# Build simplified ASCII text corpus

This notebook illstruates how to generate a citable corpus with Greek
text represented in a simplified ASCII form that is useful for computing character-level edit distance.

Nodes in the new edition are distinguished by the version-level identifier which appends the string `_simpleascii` to the version identifier.

This notebook creates simplified corpora for *Iliad* text and *scholia* of book 9 in the Upsilon 1.1, but the same `asciiCorpus` function can be used to convert any citable corpus of Greek text.


In [None]:
val personalRepo = coursierapi.MavenRepository.of("https://dl.bintray.com/neelsmith/maven")
interp.repositories() ++= Seq(personalRepo)

In [None]:
import $ivy.`edu.holycross.shot.cite::xcite:4.3.0`
import $ivy.`edu.holycross.shot::ohco2:10.20.3`
import $ivy.`edu.holycross.shot::greek:5.5.1`
import $ivy.`edu.holycross.shot.mid::orthography:2.0.0`

In [None]:
import edu.holycross.shot.cite._
import edu.holycross.shot.ohco2._
import edu.holycross.shot.greek._
import edu.holycross.shot.mid.orthography._


// Source files for corpora on project gh repository
// 
//val venetusAIliadUrl = "https://raw.githubusercontent.com/neelsmith/summer2020nbs/master/data/vaIliad-2020i.cex"
//val venetusAScholiaUrl = "https://raw.githubusercontent.com/neelsmith/summer2020nbs/master/data/hmt-2020i-noIliad.cex"
val twins9Url = "https://raw.githubusercontent.com/neelsmith/transmission-evolution/master/data/texts/diplomatic/twins9corpus.cex"



## Convert a corpus to simpified ASCII form

- use the `LiteraryGreekString` object to tokenize the text and filter it keep only lexical tokens
- make a `LiteraryGreekString` from each lexical token, and drop accents, breathings and diaeresis
- recompose individual tokens into a single stripped-down string for each citable passage


In [None]:
// Convert a single CitableNode to simpliefied ASCII form.
// Siglum is a String to use for the version ID of the
// nodes of this corpus.
def curateNode(cn: CitableNode, siglum: String) : CitableNode = {
  if (cn.text.isEmpty){
    println("EMPTY TEXT: " + cn.urn)
    cn
  } else {

    val lexTokens = LiteraryGreekString.tokenizeNode(cn).filter(_.tokenCategory == Some(LexicalToken))
    val lgs = lexTokens.map(tkn => LiteraryGreekString(tkn.text).toLower.stripBreathingAccent.ascii)
    val simpleAscii = lgs.mkString(" ")
    CitableNode(cn.urn.addVersion(s"${siglum}_simpleascii"),simpleAscii)
  }
}


// Convert a corpus to simpliefied ASCII form.
// Siglum is a String to use for the version ID of the
// nodes of this corpus.
def asciiCorpus(c: Corpus, siglum: String) : Corpus = {
  Corpus(c.nodes.map(n => curateNode(n, siglum)))
}

In [None]:
// create  source corpora
val twins9 = CorpusSource.fromUrl(twins9Url)
// compile ascii for individual data sets
val upsilon9iliad = twins9 ~~ CtsUrn("urn:cts:greekLit:tlg0012.tlg001.e3:")
val upsilon9scholia = twins9 ~~ CtsUrn("urn:cts:greekLit:tlg5026.e3.hmt:")

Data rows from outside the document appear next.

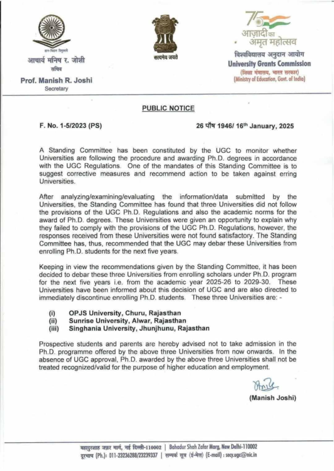 विश्वविद्यालय अनुदान आयोग (यूजीसी)को स्थायी समितिले नियम तोडेको भन्दै ती विश्वविद्यालयलाई पीएचडीको पढाइ सञ्चालन गर्न रोक लगाउने निर्णय गरेको हो। आयोगको कारबाहीमा पर्ने विश्वविद्यालयमा राजस्थानको चुरुस्थित ओपीजेएस, अल्वरस्थित सनराइज र झुन्झुनुस्थित सिंघानिया विश्वविद्यालय छन्।
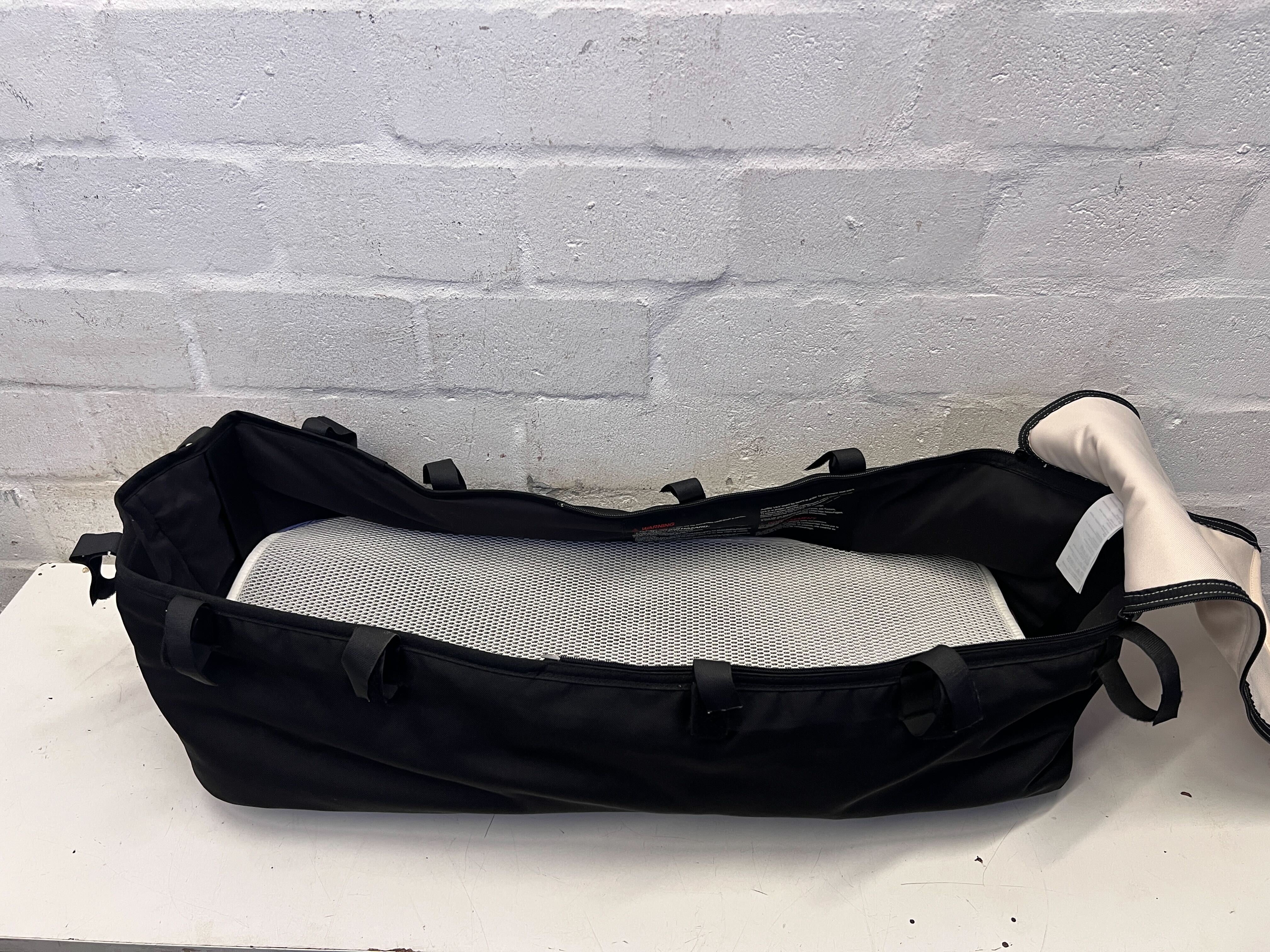 Offer your little one a cozy and secure space with this versatile Bugaboo-style baby bassinet/carrycot! ✨ Perfect for newborns, this carrycot provides a comfortable and safe environment for naps on the go or peaceful sleep at home. Its classic black exterior paired with a soft cream interior padding offers both style and comfort, making it a wonderful addition to your baby's essentials. Ideal for attaching to compatible stroller frames or for use as a portable bed.👶 Excellent pre-loved condition with minimal signs of use. The fabric is clean, and the structure is sound and sturdy, ready to welcome its next little occupant. All buckles and straps are intact and functional, ensuring safety and ease of use.
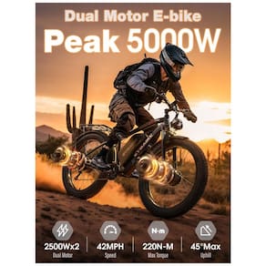 Bicicleta elétrica EYBAIKC C5PRO equipa motores duplos de pico 5000W (modo único ou duplo ativado por botão no guidão), com torque de 220 Nm para inclinações até 45°. Bateria removível 52V 32Ah (1664 Wh) com BMS suporta autonomia de até 160 km por carga, variando conforme terreno e modo de pedalada. Projetada para terrenos variados como estrada, grama, neve, areia e montanha, com pneus fat 24" x 4.0 (61 cm x 10,2 cm) e suspensão frontal para absorção de impactos. Estrutura em alumínio com transmissão Shimano 7 velocidades (21 marchas totais) e trocador integrado traseiro. Freios hidráulicos duplos de disco proporcionam resposta precisa em frenagens. Display LCD 3.5" exibe velocidade, bateria e quilometragem; farol LED frontal e luzes traseiras integradas melhoram visibilidade noturna. Pneus fat resistentes a furos oferecem tração em superfícies irregulares, como neve ou praias. Suspensão frontal dupla absorve vibrações de terrenos acidentados. Bateria com trava de chave permite recarga em casa ou escritório; suporta mais de 1000 ciclos. Compatível com modos de assistência elétrica classe 3, incluindo pedal assist e acelerador. Corrente drive chain e cabos internos no quadro elevam segurança. Adequada para commuting urbano, trilhas off-road ou uso recreativo em adultos. Cuidados incluem verificação periódica de pressão dos pneus (recomendada 1,7-2,4 bar), limpeza da corrente com lubrificante específico e armazenamento da bateria em ambiente seco entre 0-40°C. Montagem requer instalação de guidão, selim e pedais (85% pré-montada); manual em inglês. Ficha Técnica • Dimensões do produto: Rodas 24" (61 cm); pneus 24" x 4.0 (61 cm x 10,2 cm); tamanho large.? • Peso do produto: Aproximadamente 35 kg (estimado para ebike fat tire similar).? • Peso total com embalagem cerca de 40 kg.? • Potência: Pico 5000W motores duplos brushless (64-72 km/h máx.).? • Capacidade da bateria: 52V 32Ah (1664 Wh) lítio com BMS; removível e trancável; >1000 ciclos.? • Materiais: Quadro alumínio; pneus fat resistentes a furos; selim inflável ampliado.? • Fonte de alimentação: Motor elétrico duplo; voltagem 52V.? • Faixa etária: Adultos.? • Conteúdo da caixa: Bicicleta (85% montada), bateria, carregador, buzina, suporte para celular com carregador 5V, manual do usuário.? • Manual do usuário: Idioma inglês.? • Freios: Hidráulicos disco duplos.? • Suspensão: Frontal dupla.? • Certificações: UL 2849 testada. Marca: Não Informado
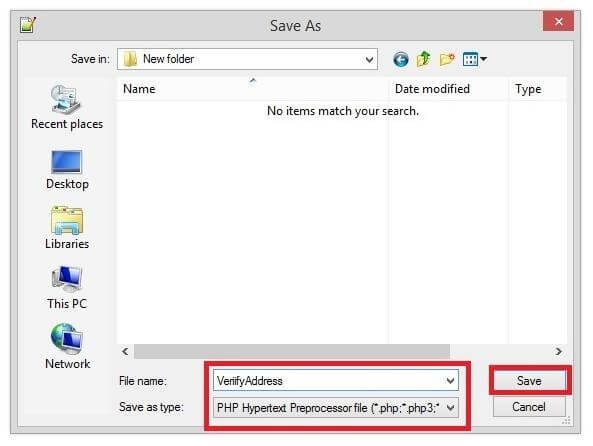 Tip: Ensure the file is saved as a .php file type.

//val venetusAscholia = CorpusSource.fromUrl(venetusAScholiaUrl)
//val venetusAiliad = CorpusSource.fromUrl(venetusAIliadUrl)


In [None]:
//val upsilon9iliad_ascii = asciiCorpus(upsilon9iliad, "e3")
val upsilon9scholia_ascii = asciiCorpus(upsilon9scholia, "e3")


In [None]:
val upsilon9iliad_ascii = asciiCorpus(upsilon9iliad, "e3")